The Metacademy model or The Artist Thinker is a diagram for art education. It is the result of the research I gathered and analyzed about the unspoken connections between the institutions involved in the art world. The Metacadamy is a diagrammatic model emerging from a counterculture and aiming to empower the artist. This system proposes radical conversations about the often unspoken connections between the institutions involved in the art world (museums, galleries, government, media, art school). The model has been cited in publications such as the book Creating Cultural Capital (1), the journal Acta Academiae Artium Vilnensis (2), and featured in Art Monthly magazine (3). The model draws from Nicolas Bourriaud’s Relational Aesthetics and Institutional Critique concepts from authors such as Andrea Fraser. This Art Education project also informed the module Dialogue (4), a teaching space for BA Fine Art students that I implemented as an independent researcher and an associate lecturer, in 2009, with artist Hester Reeve and that we delivered until before the pandemic. The Centre for Excellence in Teaching and Learning, Sheffield Hallam University, funded the pilot in 2009.
1. Kuhlke, O., Schramme, A., Kooyman, R. Creating Cultural Capital: Cultural Entrepreneurship in Theory, Pedagogy and Practice. Ed. Eburon Academic. Pub. Netherlands. Series Pioneering Minds Worldwide. (2015). http://www.eburon.nl/creating_cultural_capital
2. Lubytė Elona, The Context for the Artist, UNESCO Cooperations, journal Acta Academiae Artium Vilnensis, Vilnius Art Academy, Lithuania (2014). Dr.

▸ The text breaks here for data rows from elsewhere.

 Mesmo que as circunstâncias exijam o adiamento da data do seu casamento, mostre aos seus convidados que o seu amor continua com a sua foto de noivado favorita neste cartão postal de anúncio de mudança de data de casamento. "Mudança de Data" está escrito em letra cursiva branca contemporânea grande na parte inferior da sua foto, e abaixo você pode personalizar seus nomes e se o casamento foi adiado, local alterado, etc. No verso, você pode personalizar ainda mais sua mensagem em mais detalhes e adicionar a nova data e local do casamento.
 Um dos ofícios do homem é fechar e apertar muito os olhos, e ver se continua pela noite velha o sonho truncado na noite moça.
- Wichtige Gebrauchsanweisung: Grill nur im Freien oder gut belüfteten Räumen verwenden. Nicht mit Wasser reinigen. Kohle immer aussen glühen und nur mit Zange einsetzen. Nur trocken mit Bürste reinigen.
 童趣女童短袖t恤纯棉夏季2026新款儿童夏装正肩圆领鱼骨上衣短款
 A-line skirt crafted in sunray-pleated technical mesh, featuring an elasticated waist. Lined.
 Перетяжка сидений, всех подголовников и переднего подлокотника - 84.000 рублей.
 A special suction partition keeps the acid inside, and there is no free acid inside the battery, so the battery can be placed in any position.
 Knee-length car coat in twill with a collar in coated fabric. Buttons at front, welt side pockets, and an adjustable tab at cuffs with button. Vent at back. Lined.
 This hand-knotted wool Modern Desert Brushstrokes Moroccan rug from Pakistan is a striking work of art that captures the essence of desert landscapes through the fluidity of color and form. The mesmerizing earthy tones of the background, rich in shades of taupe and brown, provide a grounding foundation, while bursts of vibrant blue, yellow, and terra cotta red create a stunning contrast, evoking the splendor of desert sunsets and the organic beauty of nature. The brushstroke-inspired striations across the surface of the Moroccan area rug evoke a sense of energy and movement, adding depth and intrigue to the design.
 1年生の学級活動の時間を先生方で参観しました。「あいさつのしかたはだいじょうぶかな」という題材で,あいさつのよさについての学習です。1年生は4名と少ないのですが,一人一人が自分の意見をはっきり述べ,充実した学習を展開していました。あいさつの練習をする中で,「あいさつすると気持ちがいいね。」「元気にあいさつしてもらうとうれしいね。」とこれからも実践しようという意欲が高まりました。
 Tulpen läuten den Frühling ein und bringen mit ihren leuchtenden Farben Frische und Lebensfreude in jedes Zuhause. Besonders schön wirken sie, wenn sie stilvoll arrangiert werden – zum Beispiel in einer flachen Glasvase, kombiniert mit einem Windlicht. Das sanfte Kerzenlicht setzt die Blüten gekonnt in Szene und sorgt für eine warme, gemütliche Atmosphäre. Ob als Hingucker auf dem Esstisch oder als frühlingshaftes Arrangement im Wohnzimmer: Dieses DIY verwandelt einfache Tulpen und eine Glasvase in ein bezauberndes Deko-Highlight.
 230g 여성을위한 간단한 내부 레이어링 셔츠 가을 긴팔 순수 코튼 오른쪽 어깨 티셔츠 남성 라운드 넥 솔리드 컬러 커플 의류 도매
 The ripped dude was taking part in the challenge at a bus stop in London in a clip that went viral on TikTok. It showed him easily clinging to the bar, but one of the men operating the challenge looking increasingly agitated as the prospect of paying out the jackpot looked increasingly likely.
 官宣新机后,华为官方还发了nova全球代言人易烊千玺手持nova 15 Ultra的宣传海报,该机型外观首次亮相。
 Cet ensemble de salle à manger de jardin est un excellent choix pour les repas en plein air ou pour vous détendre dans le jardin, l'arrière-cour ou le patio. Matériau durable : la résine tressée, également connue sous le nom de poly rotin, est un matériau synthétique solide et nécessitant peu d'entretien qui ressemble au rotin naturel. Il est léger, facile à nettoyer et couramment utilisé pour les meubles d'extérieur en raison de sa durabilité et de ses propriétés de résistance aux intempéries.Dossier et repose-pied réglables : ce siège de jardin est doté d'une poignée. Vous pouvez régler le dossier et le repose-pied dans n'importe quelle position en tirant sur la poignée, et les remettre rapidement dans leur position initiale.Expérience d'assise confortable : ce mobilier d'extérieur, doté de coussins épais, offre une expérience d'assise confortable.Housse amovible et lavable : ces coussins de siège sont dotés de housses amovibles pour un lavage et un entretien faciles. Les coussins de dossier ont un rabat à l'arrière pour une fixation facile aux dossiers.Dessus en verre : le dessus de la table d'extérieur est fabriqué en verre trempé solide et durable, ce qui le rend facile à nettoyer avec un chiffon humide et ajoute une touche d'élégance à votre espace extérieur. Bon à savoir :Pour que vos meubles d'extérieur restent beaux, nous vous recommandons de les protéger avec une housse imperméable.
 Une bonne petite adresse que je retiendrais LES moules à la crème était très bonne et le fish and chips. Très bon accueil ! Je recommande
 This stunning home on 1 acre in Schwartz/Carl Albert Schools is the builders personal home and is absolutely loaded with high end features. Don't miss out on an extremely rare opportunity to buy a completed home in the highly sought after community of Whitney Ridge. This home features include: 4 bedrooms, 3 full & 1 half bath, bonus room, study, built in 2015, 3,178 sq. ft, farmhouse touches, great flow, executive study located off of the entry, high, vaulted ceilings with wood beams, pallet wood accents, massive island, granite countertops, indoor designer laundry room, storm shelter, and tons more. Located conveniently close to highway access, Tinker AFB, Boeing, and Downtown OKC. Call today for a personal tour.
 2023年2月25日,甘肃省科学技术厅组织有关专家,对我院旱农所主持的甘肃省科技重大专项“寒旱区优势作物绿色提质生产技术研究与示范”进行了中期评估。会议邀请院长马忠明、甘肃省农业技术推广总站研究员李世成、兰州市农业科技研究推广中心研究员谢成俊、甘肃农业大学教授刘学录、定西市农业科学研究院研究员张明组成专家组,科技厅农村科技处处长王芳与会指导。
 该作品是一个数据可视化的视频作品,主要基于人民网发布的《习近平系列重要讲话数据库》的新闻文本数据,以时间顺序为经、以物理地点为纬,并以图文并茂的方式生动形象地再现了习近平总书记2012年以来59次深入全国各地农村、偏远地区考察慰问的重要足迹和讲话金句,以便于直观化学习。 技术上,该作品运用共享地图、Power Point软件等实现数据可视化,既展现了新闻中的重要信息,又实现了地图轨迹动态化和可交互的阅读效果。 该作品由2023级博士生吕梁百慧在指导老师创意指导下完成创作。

Lubyté, UNESCO Chair for Culture Management and Culture Policy.–
3. Corris Michael, The Economy of Art, Art Monthly. 327 (June, 2009).
4. Dialogue sessions history
In 2008 I became an Associate lecturer in the Fine Art Department, Sheffield Hallam University, and an independent researcher. I showed my Metacademy research to artist Hester Reeve, who I met in the art school corridors as she taught as a BA tutor while I was doing my MA in Fine Art. Hester spoke to me about her experience with Bohmian Dialogue, and months later, after interesting conversations about both of our research and looking into how they would fit together, we implemented Dialogue. From 2008 until before the pandemic, we held sessions for Fine Art students, opening up a space for thinking critically and collectively as artists.